CC llvm-dev ---------- Forwarded message ---------- Hello Duncan The size of ARM binaries created by clang has increased after r236642. Would you be able to find some time to look at my findings and share your thoughts about the problem, please? r236642 prevents emitting of temp label names into object files to save memory. This is fine, the label names do not appear in the resulting binaries. However, this creates some problems for the binutils linker, which analyzes symbol names from the input object files and can decide to skip some local compiler generated labels. Now it no longer sees the label names and therefore puts them all into the final binary. I will demonstrate this on an example. If we compile the attached main.cpp file for ARM clang++ -c -o main.o -O0 -g --target=armv7l-linux-gnueabihf main.cpp and then look at the symbols readelf -s main.o there will be a number of similar entries (showing one entry only here for conciseness): Num: Value Size Type Bind Vis Ndx Name 7: 00000062 0 NOTYPE LOCAL DEFAULT 9 These are the .Linfo_string<index> symbols whose names are skipped due to r236642. If we now link it clang++ -o main.out --target=armv7l-linux-gnueabihf main.o all the symbols get through to the final binary: readelf -s main.out Num: Value Size Type Bind Vis Ndx Name 73: 0000006e 0 NOTYPE LOCAL DEFAULT 32 The linker can't decide if the labels are the local ones to be left out not seeing their names. Its bfd_is_local_label_name function returns false and the labels are not skipped. Before r236642 the names were inserted into object files: readelf -s main.o Num: Value Size Type Bind Vis Ndx Name 23: 0000007a 0 NOTYPE LOCAL DEFAULT 9 .Linfo_string7 bfd_is_local_label_name returns true if the name starts with ".L" and the symbol is skipped. This is not critical for small projects but can create noticeable overhead for the big ones. Any help will be much appreciated. Thank you. Oleg -------------- next part -------------- An HTML attachment was scrubbed... URL: <http://lists.llvm.org/pipermail/llvm-dev/attachments/20150918/3916ddcf/attachment.html> -------------- next part -------------- int get_index(int max_value) { static unsigned long x=123456789; x ^= x << 16; return x % max_value; } int main() { int values[10] = {7}; values[get_index(10)] = 5; return 0; }
Duncan P. N. Exon Smith via llvm-dev
2015-Sep-18 23:16 UTC
[llvm-dev] Skipping names of temporary symbols increased size of ARM binaries.
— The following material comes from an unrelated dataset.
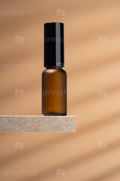 Бутылка из янтарного стекла с пустой этикеткой, крем на подставке из натурального камня на бежевом фоне. Макет натуральной органической спа-косметики. Минимальное эстетическое косметическое средство по уходу за кожей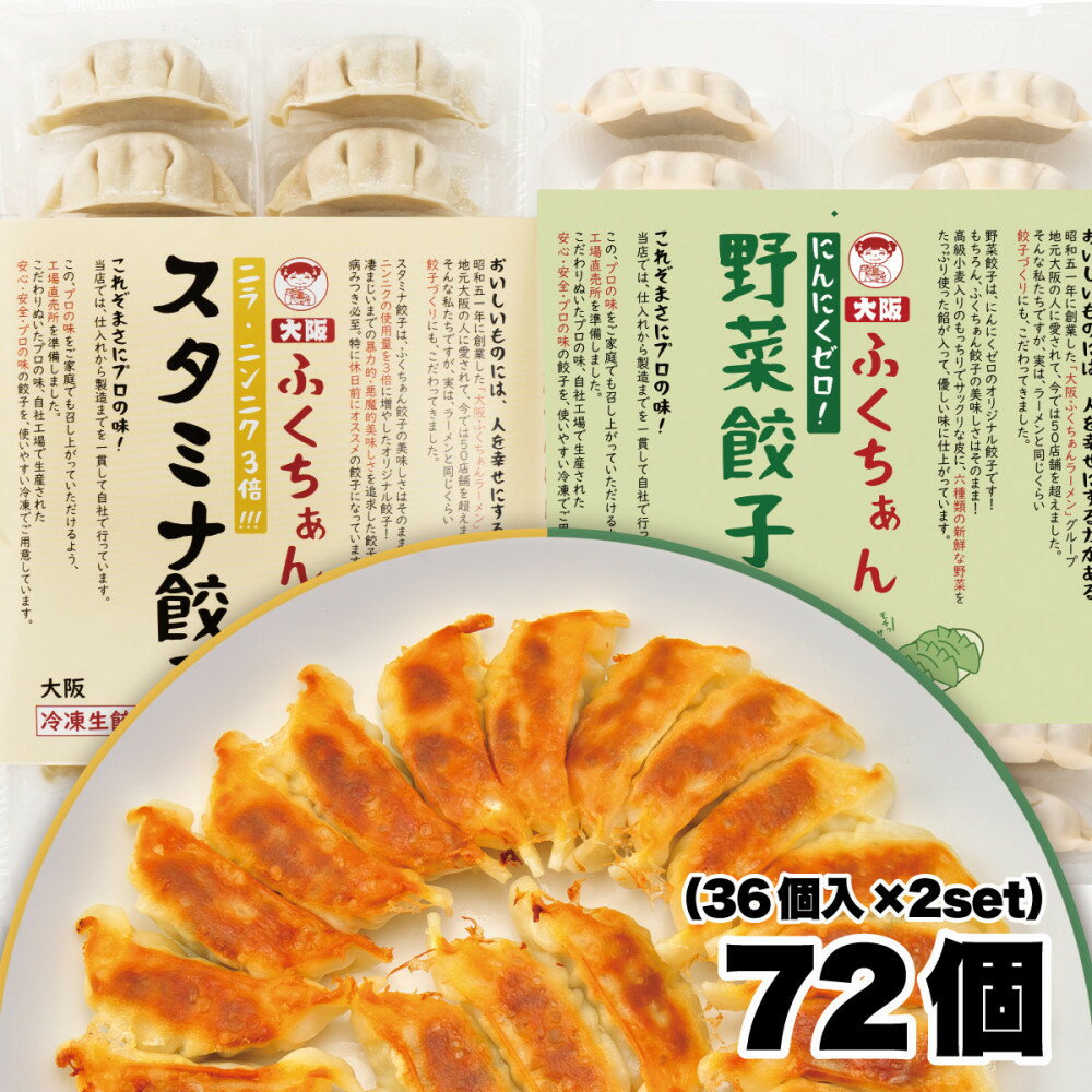 【ふるさと納税】【大阪名物】大阪ふくちぁん 野菜餃子 冷凍生餃子×スタミナ餃子冷凍生餃子 [各36個入×2パック 計72個]

+rafael and pete, who worked on this with me, and a couple of debug info folks.> On 2015-Sep-18, at 09:10, Oleg Ranevskyy <llvm.mail.list at gmail.com> wrote: > > CC llvm-dev > > ---------- Forwarded message ---------- > > Hello Duncan > > The size of ARM binaries created by clang has increased after r236642. > Would you be able to find some time to look at my findings and share your thoughts about the problem, please? > > r236642 prevents emitting of temp label names into object files to save memory. This is fine, the label names do not appear in the resulting binaries. However, this creates some problems for the binutils linker, which analyzes symbol names from the input object files and can decide to skip some local compiler generated labels. Now it no longer sees the label names and therefore puts them all into the final binary. I will demonstrate this on an example. > > If we compile the attached main.cpp file for ARM > clang++ -c -o main.o -O0 -g --target=armv7l-linux-gnueabihf main.cpp > and then look at the symbols > readelf -s main.o > there will be a number of similar entries (showing one entry only here for conciseness): > Num: Value Size Type Bind Vis Ndx Name > 7: 00000062 0 NOTYPE LOCAL DEFAULT 9 > These are the .Linfo_string<index> symbols whose names are skipped due to r236642. > > If we now link it > clang++ -o main.out --target=armv7l-linux-gnueabihf main.o > all the symbols get through to the final binary: > readelf -s main.out > > Num: Value Size Type Bind Vis Ndx Name > 73: 0000006e 0 NOTYPE LOCAL DEFAULT 32 > > The linker can't decide if the labels are the local ones to be left out not seeing their names. Its bfd_is_local_label_name function returns false and the labels are not skipped. > > Before r236642 the names were inserted into object files: > readelf -s main.o > > Num: Value Size Type Bind Vis Ndx Name > 23: 0000007a 0 NOTYPE LOCAL DEFAULT 9 .Linfo_string7 > > bfd_is_local_label_name returns true if the name starts with ".L" and the symbol is skipped. > > This is not critical for small projects but can create noticeable overhead for the big ones.What's the linker really doing here? Is this some form of GC, or is it trying to strip out debug info, or...? I'm surprised it won't drop symbols that have no names if it's dropping local symbols. Could this be an oversight in the linker?
Rafael Espíndola via llvm-dev
2015-Sep-19 19:02 UTC
[llvm-dev] Fwd: Skipping names of temporary symbols increased size of ARM binaries.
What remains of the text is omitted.